Odontuya is more than just a conscientious doctor – she’s also largely responsible for Mongolia’s rapid progress in palliative care. Spurred by her own father’s traumatic death from cancer, she’s made it her life’s work to campaign for better treatment for people with incurable illnesses. And it’s working.


The treatment Tumurbat and his family are receiving is a long way from what Odontuya was taught when she trained to be a doctor in the late 1970s. Growing up in Mongolia’s socialist years, when the country was a satellite state of the Soviet Union, she studied in what was then Leningrad. She speaks fluent Russian. It was excellent tuition, she says, “but we were told simply to treat patients, not to treat them as people. There was no compassion.”

The way her father died changed her outlook forever. He was diagnosed with lung cancer the same year she began her studies in Russia, and in Mongolia’s health system at the time he was effectively condemned to a painful death. Not only did palliative care not exist, but it was impossible to get hold of morphine or other opioid-based painkillers.

Less than a decade later, her mother-in-law was struck down by liver cancer, and Odontuya says she too died in extreme distress. What she calls the “psychological pain” of witnessing a loved one in such a state affected everyone in her family, she says.

It was a trauma that many more families have gone through since, because of a steady increase in cancers nationwide over the past two decades, especially liver cancer. The underlying cause was Mongolia’s already high incidence of hepatitis ­– dubbed a “silent” hepatitis epidemic by the World Health Organization – which was exacerbated by frequent needle sharing in the poorly resourced socialist health-care system.

Government policies made things worse, according to Odontuya and other doctors I speak to, by handing out free vodka. In the economic turmoil that followed Mongolia’s independence (after the collapse of the Soviet Union in 1991), the authorities were forced to introduce food rationing. But one thing they had plenty of was vodka, and they added it to every ration. “Each family got two bottles a week,” says Odontuya, shaking her head. “It was a very stupid policy.”

Mongolia was already a country of heavy drinkers, and alcoholism became even more common in those early years of independence. Precisely how much impact this had is hard to determine, but with already high rates of hepatitis infection, Mongolian doctors believe the increase in drinking contributed to the rise in liver cancer.

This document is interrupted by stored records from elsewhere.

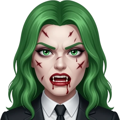 green hair angry women Vampire , scratch in face, blood teeth emoji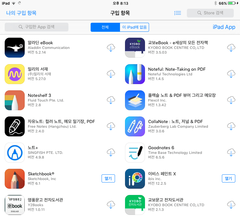 아이패드 미니로 다운로드를 시도한 어플들은 스마트폰으로 활용하기엔 화면이 너무 작아서 불편했던 것이나, PC로 활용하기엔 너무 번거로워서 간편하게 보고 싶을 때 사용할 만한 것들 위주로 찾아보았습니다. 주로 전자책, 영상 시청, 필기, 스케치 등 활용할 법한 것들 위주로 시도해 보았는데요. 제가 쓰고 싶어서 직접 시도해 본 결과들을 공유드립니다.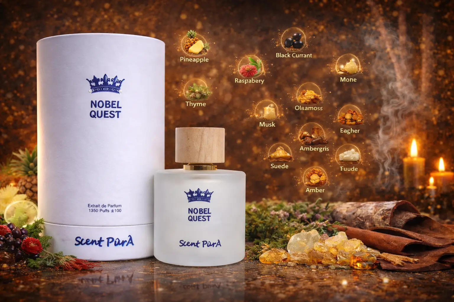 The heart of Nobel Quest reveals smoky depth and refined texture. Birch introduces a bold smoky edge. Patchouli adds earthy warmth and structure. Jasmine brings soft floral smoothness. Together, these notes feel confident and composed. Raspberry adds gentle sweetness with elegance. Saffron and thyme introduce subtle spice and warmth. This stage feels rich and luxurious.

But it was this same cancer crisis that helped make the case for developing palliative care in Mongolia. Odontuya started lobbying for the introduction of palliative care in earnest from 2000 onwards. But first she had to come up with the right words. “[In Mongolia] we didn’t have any terminology for palliative care,” she tells me as she gives me a tour of the country’s first palliative care ward, established in the early 2000s at Mongolia’s National Cancer Center. Pointing out the sign on the door, she laughs: “If you pronounce it wrong, it can sound like our word for ‘castration.’”

But even with the words fixed, the initial reaction from officials was scorn, she says, as they dismissed palliative care as an “activity for charities”. “They asked how they could justify spending money on ‘dying’ patients, when we don’t have enough money for ‘living’ patients.” She answered with her own question: “Would you say this to your own mother, if she gets cancer or some other incurable condition? And I told them, these are still ‘living’ patients.” Even at the end of life, she says, people have human rights.

None of the former health officials I contacted responded. That Odontuya encountered resistance is hardly unique. Palliative care advocates elsewhere have also faced skepticism regarding its value – as much from medical professionals as from bureaucrats. For instance, one US study reported oncologists being reluctant to refer patients for palliative care because it “will mean the end of cancer treatment and a loss of patients’ hope”.

And for many doctors, palliative care chafes against their default philosophy. As Simon Chapman, Director of Policy and External Affairs for the National Council for Palliative Care, a UK-based umbrella charity for people involved in palliative and end-of-life care, puts it: “There is still a view among many clinicians that [a patient] dying is a professional failure.”

Today, Mongolia still has the highest incidence of liver cancer in the world. Many people are diagnosed late, when the disease is advanced and doctors can do little to stop it spreading.


The Songino Khairkhan district hospital on the west side of Ulaanbaatar has a solidly Soviet feel. Built in Mongolia’s socialist period, its walls are so thick they look like they would stop a tank. And the signs around the building add to the atmosphere, written in the Cyrillic script the Russians bequeathed the Mongolians.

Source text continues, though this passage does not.